The villagers of Vijoynagar Circle, both settlers and Lisu, have been trekking to and fro through the Park for these years. I wonder how many have seen a tiger. I haven’t heard anyone attacked by tiger till this date.

Throughout my student years and since, I have been walking through, in all 13 times. I haven’t seen either. Below: My itinerary through the Namdapha.

Shidi to Miao Miao to Shidi
1993 Feb
1998 April
1998 October
2003 April
2003 June
2004 April
2004 June
2006 August
2008 Dec
2009 January
2011 October
2012 February
5 Times 7 Times

I keep thinking: Why would Namdapha people over shot the numbers?

Our Stand on the Traditional Land

Aparajita Datta captured it well (Making headway in Down To Earth, April 15, 2006. Page 44):

“The Lisu had two suggestions  to make: either push back the park’s boundary or resettle Nepalis inhabiting  the area (Nepali families are economically better off, with better jobs and landholdings three times bigger than that of the Lisu); and give them more agricultural land in Vijaynagar circle. They also made it clear that they would not settle in areas near Miao, the traditional territory of other tribes”

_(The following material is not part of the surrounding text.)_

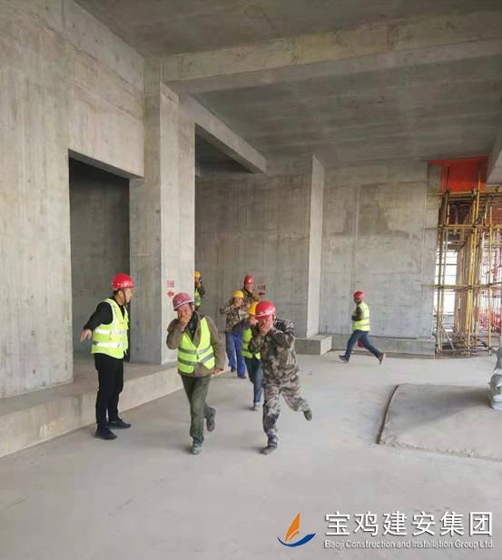 建筑施工現(xiàn)場的安全防范一直是建筑行業(yè)工作的重點(diǎn),冬季施工消防工作更是重中之重,為切實(shí)加強(qiáng)施工現(xiàn)場消防安全教育,提高施工現(xiàn)場各單位應(yīng)急救援小組應(yīng)對火災(zāi)危險(xiǎn)的應(yīng)急處置能力,積累應(yīng)急組織、人員疏散、消防救助等實(shí)戰(zhàn)經(jīng)驗(yàn),切實(shí)做好施工現(xiàn)場的安全工作。2018年11月21日下午在寶雞建安集團(tuán)公司承建的泰森?億佳苑項(xiàng)目施工現(xiàn)場舉行了一場消防應(yīng)急疏散演習(xí)。本次活動(dòng)由寶雞建安集團(tuán)股份有限公司、陜西中安工程咨詢管理有限公司、陜西泰森房地產(chǎn)開發(fā)有限公司聯(lián)合組織演習(xí)。施工現(xiàn)場100多人參加了本次演習(xí)活動(dòng),學(xué)習(xí)到處置火災(zāi)危險(xiǎn)的應(yīng)急方法,達(dá)到了演習(xí)目的。 演習(xí)活動(dòng)前,寶雞建安集團(tuán)公司安全部經(jīng)理何偉,科員符鵬、張震及寶雞建安集團(tuán)公司第六項(xiàng)目部應(yīng)急救援小組組長邵哲明、周潔組織項(xiàng)目部應(yīng)急救援小組成員針對施工人員火場逃生、救援疏散等事項(xiàng),精心設(shè)計(jì)了消防演習(xí)方案,并就施工現(xiàn)場消防設(shè)施的分布,以及火災(zāi)發(fā)生時(shí)應(yīng)該注意的事項(xiàng)進(jìn)行了說明。
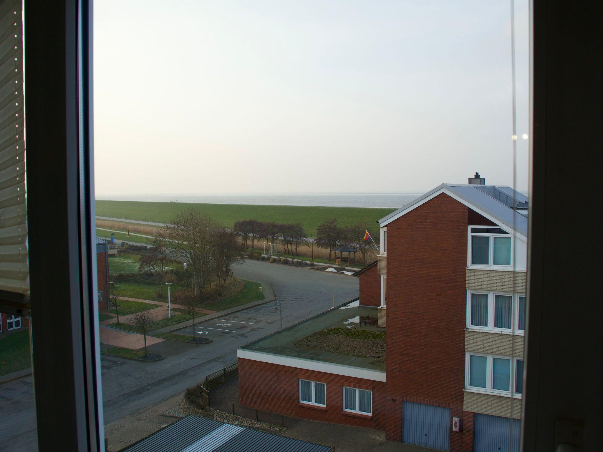 Die Wohnung Meerblick 57 liegt im vierten Stock des Hauses und eröffnet einen freien Blick über den Deich auf das Wattenmeer, der dieser Wohnung ihren besonderen Charakter verleiht. Das Appartement wurde im Jahr 2014 modernisiert und ist bequem mit dem Aufzug erreichbar.

The Yobin society had made our stand clear: either push back the Namdapha or resettle the settlers. This has problems both sides.

If the Park’s boundary is pushed back to 40th Mile, half of the Namdapha Wildlife Sanctuary will be lost. The authorities will hesitate alot or never want to do that. For them animals and trees have sometimes more value than human.

The option to resettle the settlers is difficult for the administration, not for wildlife people because they reside outside the Namdapha area. It would be even touch on  ex-servicemen to leave where they have been living for the last five decades. But if the administration  really want to do this action to save the Park, they just have to deny the renewal of the land lease, which is renewed every 30 years.

If either of the options are not provided as solution, it is very difficult for our community to servive. We have been crunched between 80 Mile to Angichidu (Ramnagar), about 12 km. Only Shidi has plain land. How would we survive as more than 90% of our people depend on land produce?


In 2011, the Namdapha authorities and administration chaired by ADC, wanted to resettle us at 10 Mile. They want to see a settlement like Cheophelling Tibetan Settlement at Miao, where they cannot move beyond the boundary. How can we agree to such non-sense proposal?

Another observation, in the proposal, they gave solution only those currently living within the Namdapha Park. The problem is not just for them. It is for the whole tribe.

I wonder what other strategies our administration and the Namdapha authorities will have in mind. Whatever the proposal, none of them will be in our favour. They have never been thinking for our welfare. Their only mindset: How can Lisu/Yobin be thrown our of the Namdapha National Park.